087 たのきんトリオが好きだった子も、明菜ちゃんが好きだった子も、かつて自分が興奮したおもちゃやくじ引きを うんざりしたような顔で、でも「おんなじもん・欲しがるなぁ。」なんて思いながら、わが子や甥っ子姪っ子に買い与えていたりして。

 私の子供たちも、姪っ子も、「お祭りの晩はおじいちゃんと夜店に行って、おもちゃを買ってもらう!」・と思い込んでいて、早くから日が暮れるのを心待ちにしています。

 どう考えても、我が息子が一番お金のかかるおもちゃを選んでしまうんだけど、よ~~く見直してみると、女の子連中の方が「あとあと細かい出費」を 爺にさせているのですcoldsweats01

 そこそこのおもちゃのほかに、「金魚すくい」だの「ベビーカステラ」だの、「射的の景品のおねだり」だの…sweat02

 女の方がやっぱ・よくばり?

 

 先日、ゼニガメが一匹 身罷りました。

お店のおじさんも「こいつはちょっと元気がないかもよ。」と心配されていた、大人しいカメでした。

 

 翌日、カメのお墓をみたら、何だか様子が違う。「…?」と思いつつ、さらに翌日。

末っ子ボンさんが、水路にしゃがみ込んで 何やら洗っているのです。

「…もっちゃん?」と声をかけると、さっと握った手を後ろにまわして 逃げようとします。

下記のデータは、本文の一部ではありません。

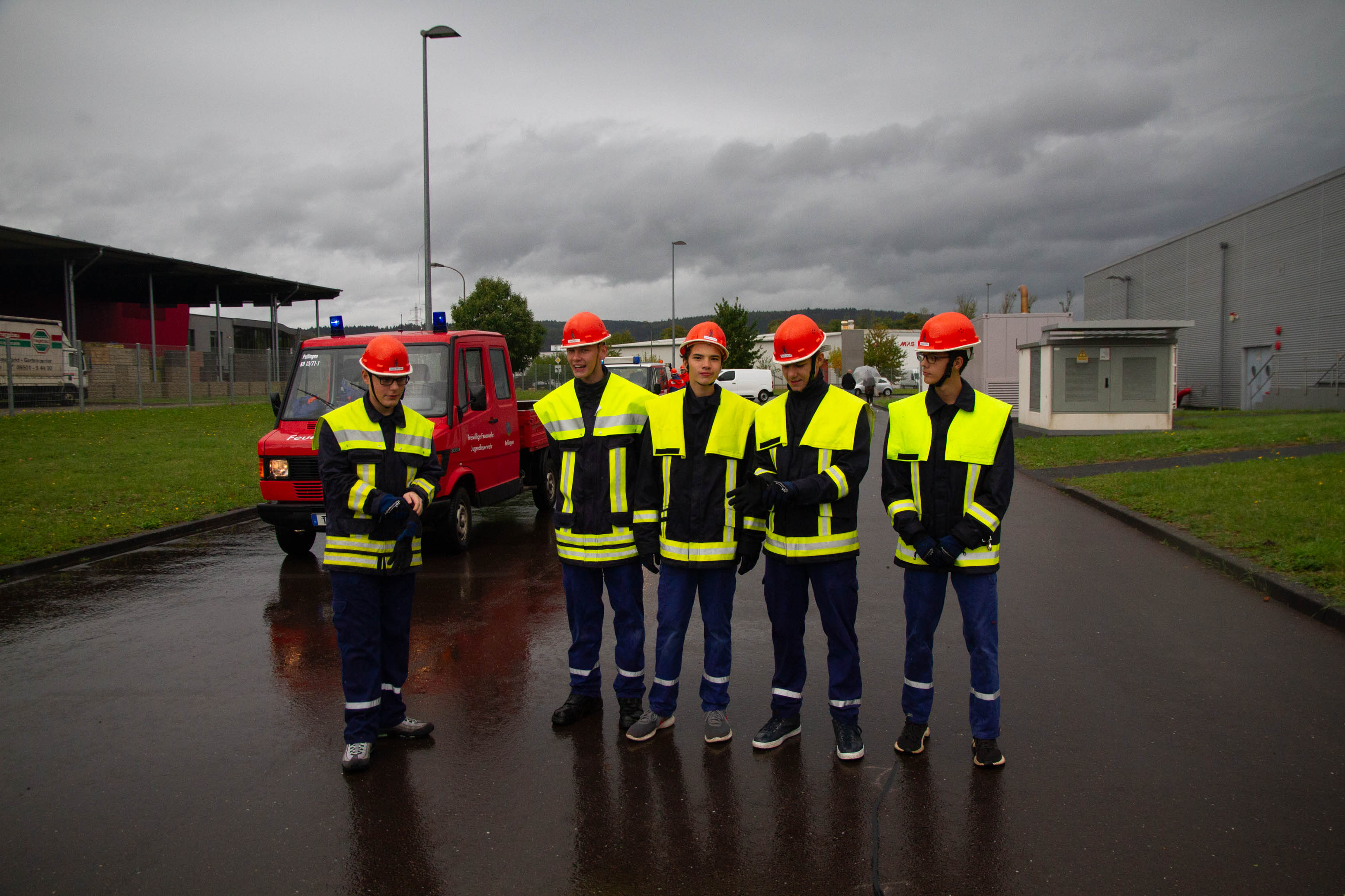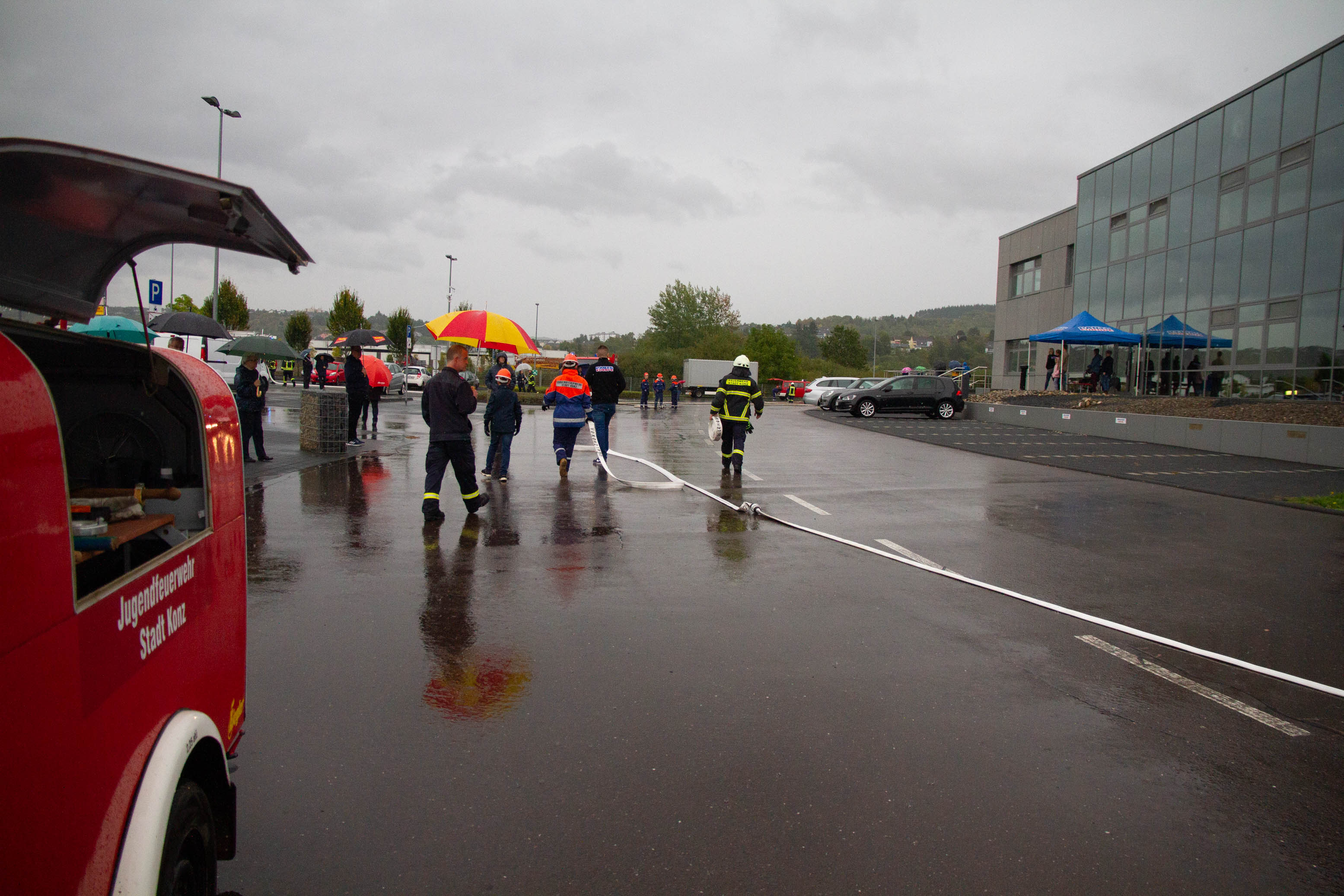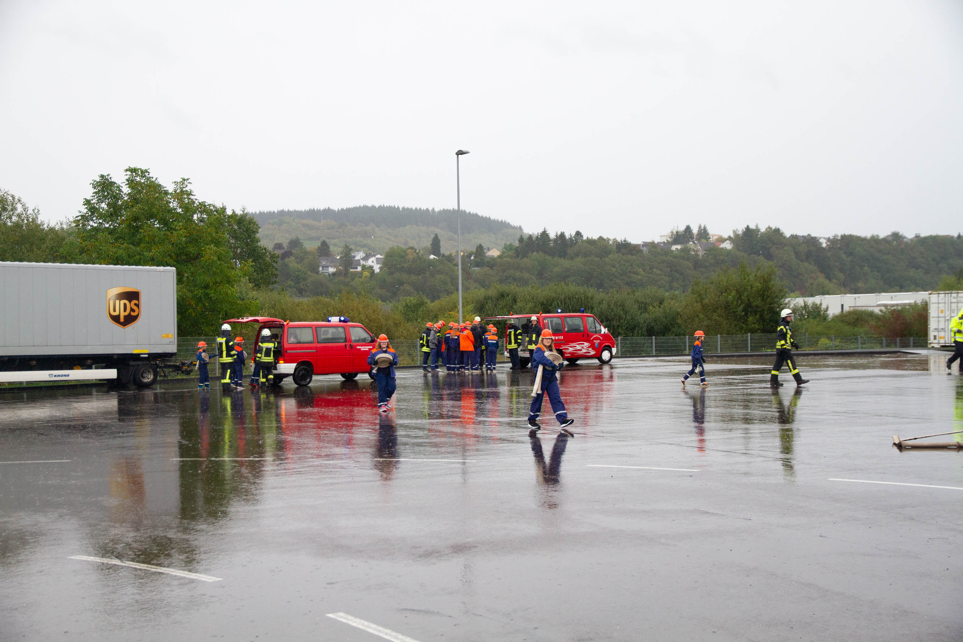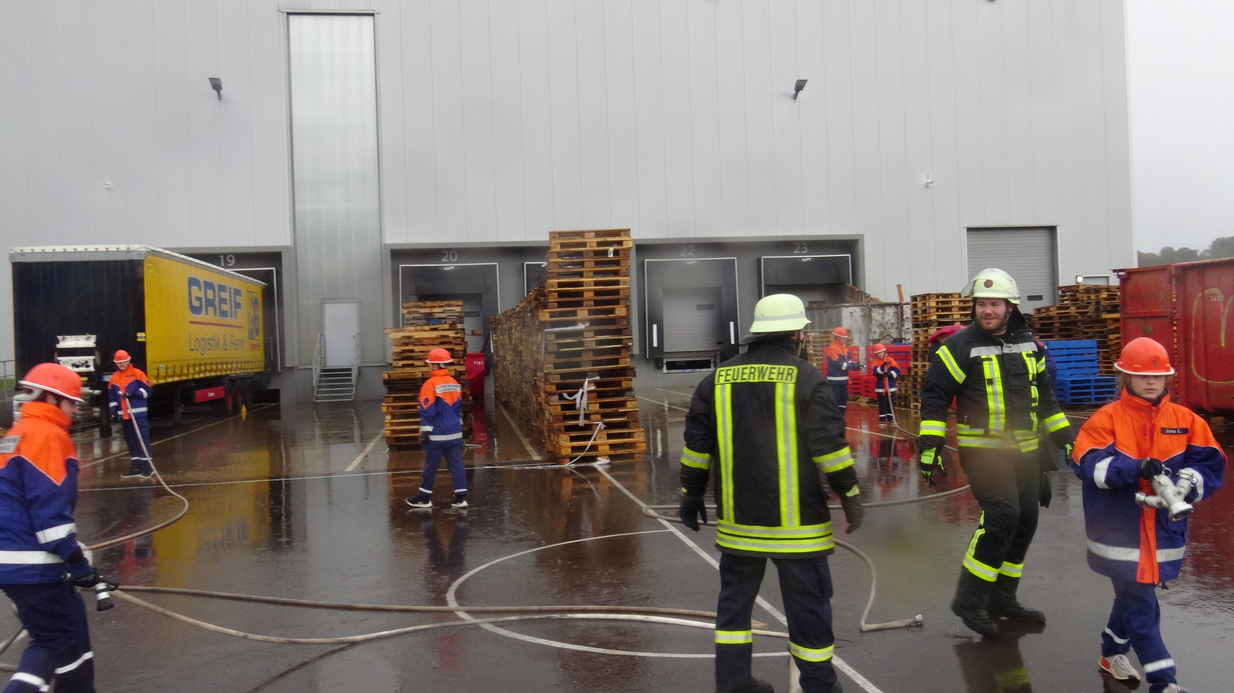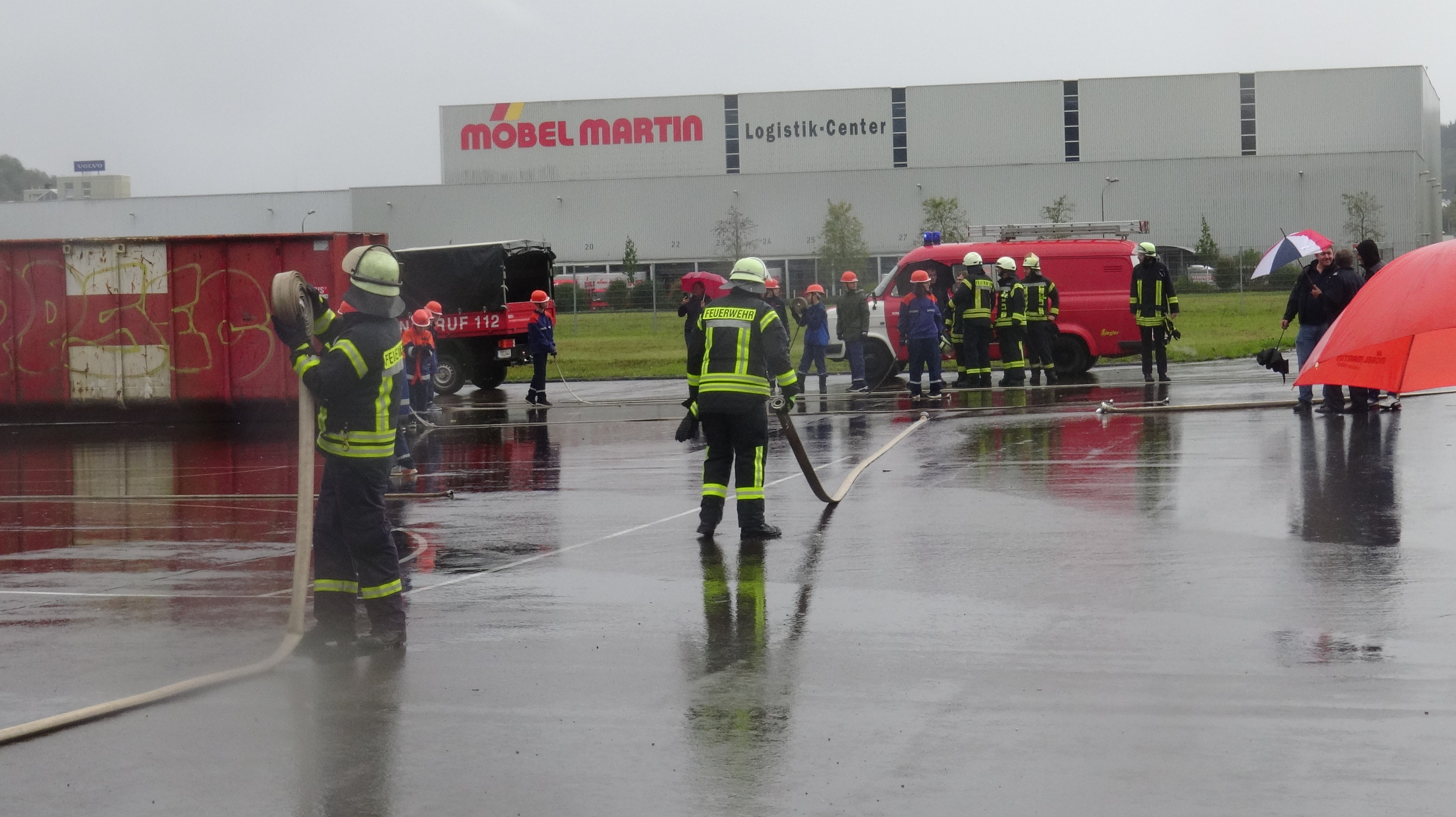 Als Übungsszenario stand das Gebäude in Vollbrand. Pünktlich um 14.00 Uhr trafen an die 14 Fahrzeuge mit Einsatzalarm am Haupteingang des Betriebsgeländes ein. Nach einem kurzen Stopp erfolgte die Zuordnung der Einheiten zum Aufbau der Wasserversorgung und zeitgleich der Angriff an verschieden Standorten rund um das große Gebäude und dies mit tatkräftiger Unterstützung der Betreuer und Jugendwarte. Zum gleichen Zeitpunkt öffnete der Himmel seine Pforten. Dies beeindruckte die circa 90 Jugendliche in keinster Weise, denn Wasser war reichlich vorhanden und die Jugendlichen hatten trotzdem viel Spaß. Die Übung lief sehr konzentriert und kameradschaftlich als Teamarbeit ab. Die circa 50 Betreuer waren sehr zufrieden was die Jugendlichen auch als Teamplayer an Eigenschaften zeigten.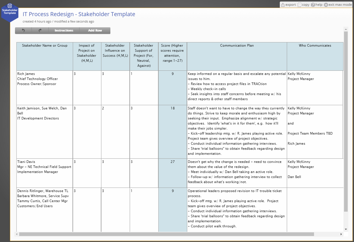 Develop a plan to keep stakeholders actively engaged to ensure projects are successful and the changes are sustained. This template guides you to identify both internal and external stakeholders and then to create a communications plan for the project's duration.

 小さいお手々からはみ出しているのは、…カメのしっぽ…(ゼニガメは しっぽが長いのです。)sweat02

「…もっちゃん、なんにも もってないよ。」という彼に、

「あのね、カメは死んじゃったから、お水につけても生き返らないの。お花と違うのよ。」と言いました。

「…おみずにはいったら、また うごくでしょ?」。

「ううん。ごめんね。カメは もう なんなんさんとこ行ったから、それは空っぽなの。よく見てごらん。もう おめめがなくなって へこんでるでしょ?カメは死んだのよ。」。

 息子は カメの目を見て、一瞬 驚いた顔をしました。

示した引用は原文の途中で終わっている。